Paru en premier sur (source): journal La Presse
(Londres) Le roman Orbital, récompensé par le prestigieux prix littéraire Booker Prize, est né de la fascination de son autrice, la Britannique Samantha Harvey, pour les vidéos en direct de la Station spatiale internationale, a-t-elle raconté jeudi dans un entretien à l’AFP.
Publié à 12 h 02
Lyrique et contemplatif, ce livre relate une journée à bord de la célèbre station ISS, au rythme des 16 aurores qu’observent les astronautes lors de leur rotation autour de la Terre.
« Ce choix peut sembler un peu excentrique, car je ne connaissais rien à l’espace, bien que cela m’ait toujours intéressée », indique Samantha Harvey, qui se dit encore « euphorique » et « incrédule ».
La romancière de 49 ans n’a toutefois pas ressenti le besoin de dialoguer avec des astronautes, se plongeant plutôt dans leurs écrits sur l’espace, souvent « très beaux », et des recherches intensives.
Sa principale source d’inspiration ? Le flux vidéo en direct de l’ISS, qui mélange vues de la Terre et des occupants de la station en train de vaquer à leurs tâches.
Ce direct « permet de voyager avec les astronautes tout autour de la Terre.
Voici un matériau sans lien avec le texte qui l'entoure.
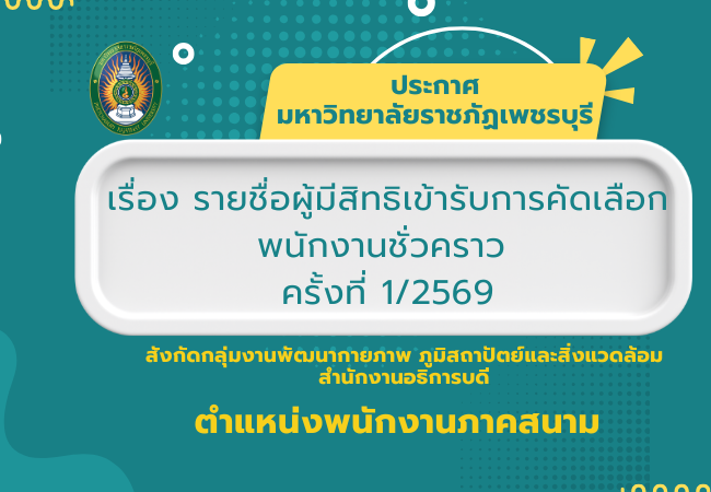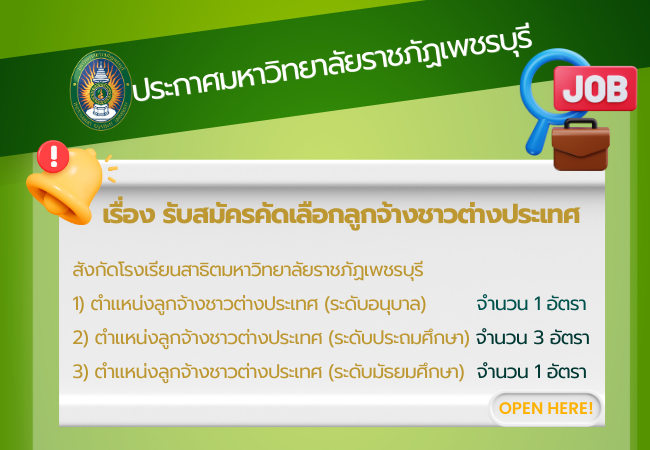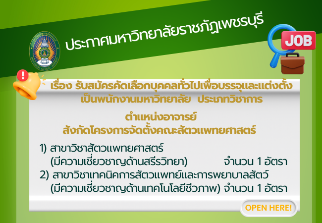 ข่าวรับสมัครงาน ข่าวรับสมัครงาน ทั้งหมด All ประกาศผลสอบ ประกาศรับสมัคร ประกาศรายชื่อผู้มีสิทธิ์สอบ ประกาศมหาวิทยาลัยราชภัฏเพชรบุรี เรื่อง ผลการคัดเลือกบุคคลทั่วไปเพื่อบรรจุและแต่งตั้งเป็นพนักงานมหาวิทยาลัย ประเภทวิชาชีพเฉพาะหรือเชี่ยวชาญเฉพาะ 13 มีนาคม 2026 ประกาศมหาวิทยาลัยราชภัฏเพชรบุรี เรื่อง รายชื่อผู้สอบผ่านการคัดเลือกเพื่อบรรจุแต่งตั้งเป็นพนักงานราชการทั่วไป สังกัดโครงการจัดตั้งคณะสัตวแพทยศาสตร์ มหาวิทยาลัยราชภัฏเพชรบุรี ตำแหน่งนักวิชาการพัสดุ 13 มีนาคม 2026 ประกาศมหาวิทยาลัยราชภัฏเพชรบุรี เรื่อง รายชื่อผู้มีสิทธิเข้ารับการคัดเลือกพนักงานชั่วคราว ครั้งที่ 1/2569 สังกัดกลุ่มงานพัฒนากายภาพ ภูมิสถาปัตย์และสิ่งแวดล้อม สำนักงานอธิการบดี ตำแหน่งพนักงานภาคสนาม 12 มีนาคม 2026 ประกาศมหาวิทยาลัยราชภัฏเพชรบุรี เรื่อง รับสมัครคัดเลือกบุคคลทั่วไปเพื่อบรรจุและแต่งตั้งเป็นพนักงานมหาวิทยาลัย ประเภทวิชาการ สังกัดโครงการจัดตั้งคณะสัตวแพทยศาสตร์ มหาวิทยาลัยราชภัฏเพชรบุรี 9 มีนาคม 2026 ประกาศมหาวิทยาลัยราชภัฏเพชรบุรี เรื่อง รับสมัครคัดเลือกลูกจ้างชาวต่างประเทศ สังกัดโรงเรียนสาธิตมหาวิทยาลัยราชภัฏเพชรบุรี 9 มีนาคม 2026 Phetchaburi Rajabhat University Announcement Subject: Recruitment for Foreign Employees 9 มีนาคม 2026 « Previous 1 2 3 4 5 6 7 8 9 10 11 12 13 14 15 16 17 18 19 20 21 22 23 24 25 26 27 28 29 30 31 32 33 34 35 36 37 38 39 40 41 42 43 44 45 46 47 48 49 50 51 52 53 54 55 56 57 58 59 60 61 62 63 64 65 66 67 68 69 70 71 72 73 74 75 76 77 78 79 80 81 82 83 84 85 86 87 88 89 90 91 92 93 94 95 96 97 98 99 100 101 102 103 104 105 106 107 108 109 110 111 112 113 114 115 116 117 118 119 120 121 122 123 124 125 126 127 128 129 130 131 132 133 134 135 136 Next »

C’est ce que j’ai fait pendant des années : voyager chaque jour », raconte l’autrice.
« Je pense que ce roman est plus à propos de la Terre que de l’espace », souligne-t-elle cependant.
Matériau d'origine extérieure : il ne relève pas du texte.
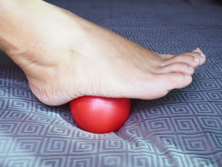 Female feet and soles of the heel with heel pain in adults and Treatment of Plantar Fasciitis. foot inflammatory ligament disease.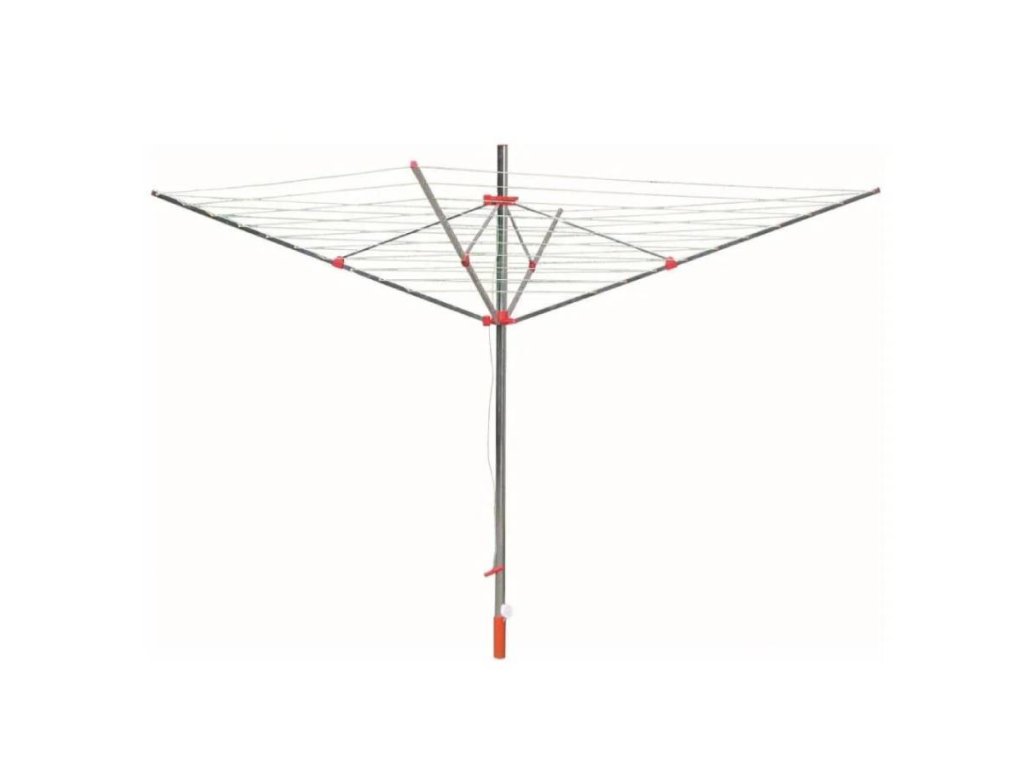 Venkovní čtyřramenný sušák na prádlo s celkovou sušící délkou 50 metrů je praktickým pomocníkem do každé zahrady. Díky pevné hliníkové konstrukci zajišťuje vysokou stabilitu a dlouhou životnost. Montáž do země je zajištěna pomocí zemní objímky, která je součástí balení.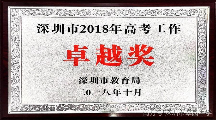 6月25日,2018年广东高考成绩放榜,翠园中学全面告捷,取得前所未有的卓越成绩,开创了翠园高考新纪元。王迪瑶同学总分名列全省第6名,勇夺深圳市文科状元,翠园中学跻身广东省顶尖学校之列。文理科共有2名学生高考裸分达清华、北大录取分数线,取得历史性突破。高分优先投档人数再次突破四百大关,达431人(不含艺术类考生),达线率71.36%(其中理科高达78.58%),创历史新高。2018年本科率高达99.34%,持续保持高位运行。9月7日,我校被授予2018“深圳市教育工作先进”称号。10月24日,我校再次获得“深圳市高考工作卓越奖”,并已连续18年荣获该奖项。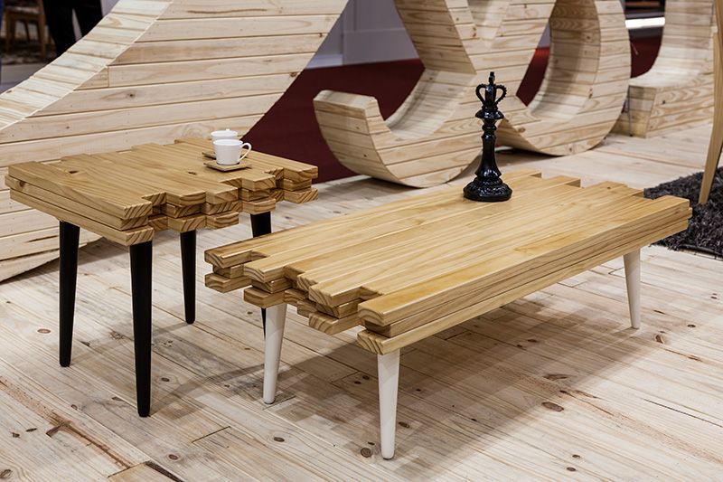Divertidas as mesinhas da P&C Artemobili imitando parquets de madeira empilhados!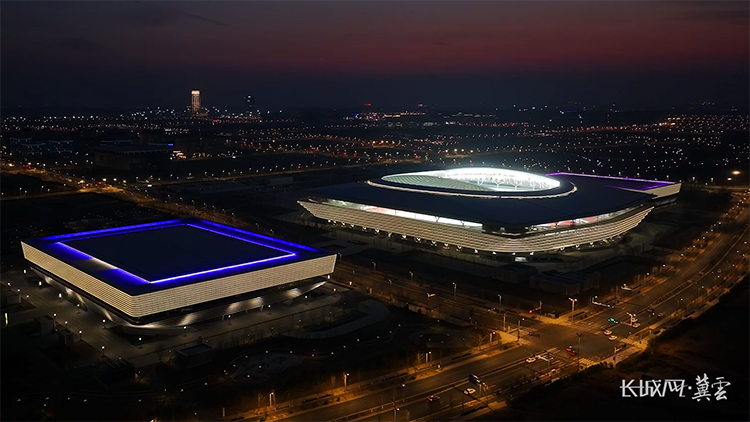雄安体育中心夜景航拍。马宁 摄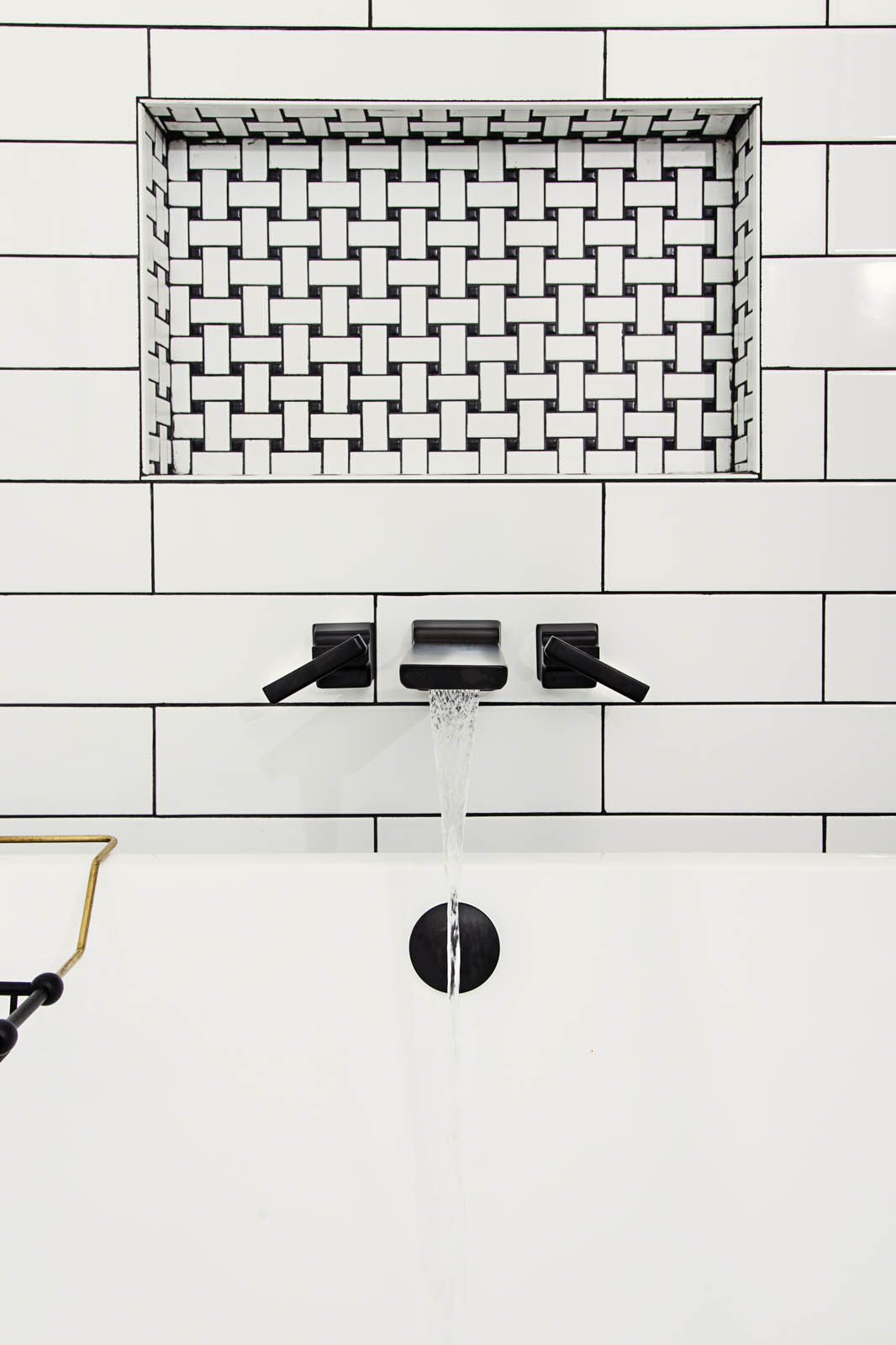 black and white primary bathroom by Whitney Jones of Whitney J Decor, interior designer in New Orleans | Black interior designer in New Orleans | eclectic interior designer in New Orleans | black interior design firm

« Il m’a permis d’écrire sur le temps, le bouleversement et l’étrange expérience du temps, qui m’a intéressée dans tous mes romans », depuis son premier ouvrage The Wilderness, publié en 2009.
« Symbole de paix »
Le jury du Booker Prize a sacré ce roman mélancolique, ode à la beauté et à la fragilité de la Terre, en pleine conférence climatique COP29 de l’ONU, et quelques jours après la réélection de Donald Trump, climatosceptique notoire, à la Maison-Blanche.
Samantha Harvey dit toutefois avoir écrit Orbital sans autre intention que celle de créer une œuvre « visuelle, picturale », tout en ayant conscience que la question du changement climatique se poserait naturellement, comme celle de la préservation de l’espace.
« Nous l’exploitons et le détruisons, de la même manière que nous avons exploité et saccagé cette planète », affirme-t-elle, appelant à « l’action ».
« Ma responsabilité est d’ordre esthétique […] Si ce livre devait avoir un impact positif, contribuer à des changements, j’en serais absolument ravie, mais je pense que cela dépasse mes compétences ».
Lorsque l’autrice a achevé Orbital, en partie rédigé pendant le confinement, l’invasion de l’Ukraine par la Russie n’avait pas encore eu lieu.
Mais « il était déjà évident que ce projet de paix qu’est l’ISS », rassemblant astronautes russes, américains ou européens, « devenait de plus en plus contraint ».
« Nous savons que l’ISS va être désorbitée d’ici quelques années […] et j’ai le sentiment qu’il y a quelque chose de très poignant dans le fait que ce beau symbole de paix, de coopération d’après-Guerre froide, soit en train de s’effondrer », a-t-elle commenté.
L’autrice anglaise, déjà plongée dans l’écriture de son prochain roman, peine à anticiper quel sera l’impact du Booker Prize, promesse d’une renommée internationale synonyme de succès en librairie.
« Il n’y a pas de plus grande validation d’une carrière, du travail de quelqu’un que ce prix. Je veux en tirer toute la confiance et le courage possible », sans laisser une forme de « pression extérieure » s’installer, souligne-t-elle.
Cette année, cinq des six finalistes du Booker Prize étaient des femmes : Rachel Kushner, Anne Michaels, Charlotte Wood, Yael van der Wouden et Samantha Harvey, première autrice primée depuis 2019.
Il s’agit, selon elle, de l’aboutissement « d’un changement qui a eu lieu dans le secteur ces deux ou trois dernières décennies […] il se manifeste, se concrétise, et je pense que nous devrions nous en réjouir ».